6.3 GSEA Enrichment Analysis
Given that the risk score was linked to OC patient survival, GSEA was carried out by “clusterProfiler” R package in the low-risk and high-risk clusters compared with the average risk score. As shown in Figure 9A, the DEGs in the low-risk group were strengthened in immune-related processes, including such autoimmune thyroid disease, antigen processing and presentation, and the intestinal immune network, IGA is produced. However, the DEGs were enriched in only one pathway for the high-risk group(no display). For C2 collection defined by MSigDB,the DEGs were mostly enriched in multiple immune cells events in the low-risk group, including adaptive immune response, positive regulation of immune response, and regulation of T cell activation and so on(Figure 9B). As the high-risk group,the gens improved mRNA translation and protein synthesis(Figure 9C).These outcomes recommended that the risk model might be a possible sign of the status of TME in OC patients.

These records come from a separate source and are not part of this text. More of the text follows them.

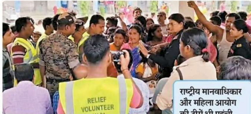
अस्थायी शिविर में प्रभावितों से बात करते आयोग के सदस्य।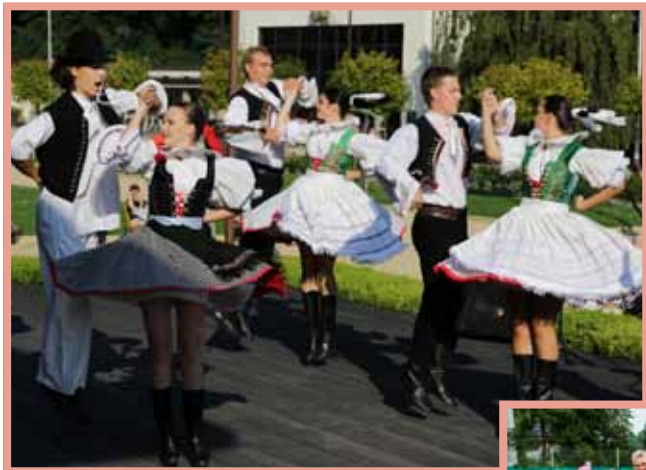
▲ Folklorní soubor Skaličan ze Slovenska.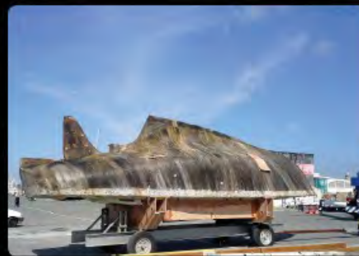
J en route pour la restauration de la coque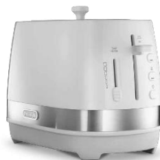
トゥルー ホワイト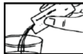
4. Disolverlo en medio vaso de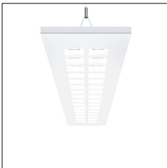
Luminaire suspendu à LED MIRL DI LED5800-830 LDO WH ASQ1 42183048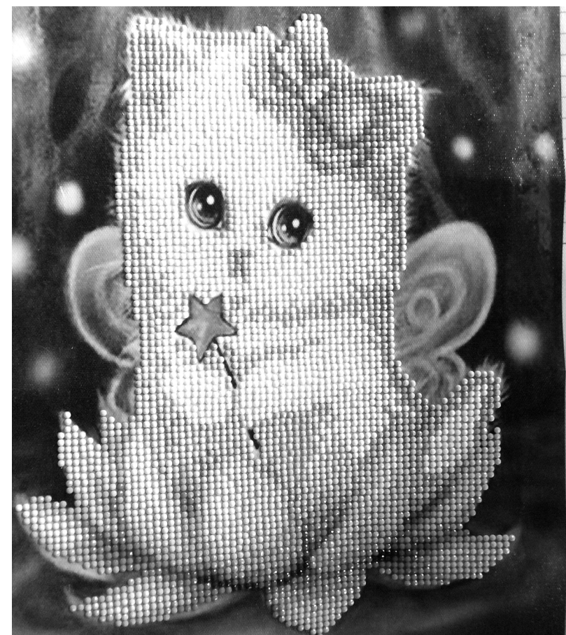
Картина в технике алмазной выкладки

7 Assessment of Independent Prognostic of Risk Model
By including age,race, tumor stage, tumor grade, tumor residual disease and riskScore in the predictive risk model, we looked into the relationship between the prognosis and clinical and pathological features of OC patients using the Univariate Cox regression.The outcomes presented that only the P-value of tumor residual disease and riskScore was less than 0.05(Figure 10A).These 2 clinical factors were consequently incorporated in the predictive model for multivariate Cox regression study, and the P-value of riskScore was identified as a prognostic significance still less than 0.05(Figure 10B).Therefore,the above analysis demonstrated that the prognostic value of riskScore was unaffected by other clinicopathological features.

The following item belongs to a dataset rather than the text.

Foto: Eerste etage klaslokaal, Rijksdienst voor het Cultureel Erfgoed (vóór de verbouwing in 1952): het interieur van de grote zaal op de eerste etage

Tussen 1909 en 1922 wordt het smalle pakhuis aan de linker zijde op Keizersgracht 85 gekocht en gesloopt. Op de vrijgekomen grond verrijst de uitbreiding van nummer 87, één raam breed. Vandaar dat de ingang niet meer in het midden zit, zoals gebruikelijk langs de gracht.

8 Nomogram Construction for Survival Prediction
According to the total scores, we performed a prognostic nomogram with riskScore to predict the 01,03 and 05-year OS. The greater the score was, the lesser the overall survival rate was(Figure 11A).The calibration curves were plotted for predicting OC patient survival probabilities at 01,03 and 05-year in the training group (Figure 11B,C,D).The closer the slope was to 1,the higher the prediction accuracy was. The results for forecasting 01, 03, and 5-year OS displayed that the accuracy of forecasting prognosis models was very high, indicating that the prediction model could be used as a valid model.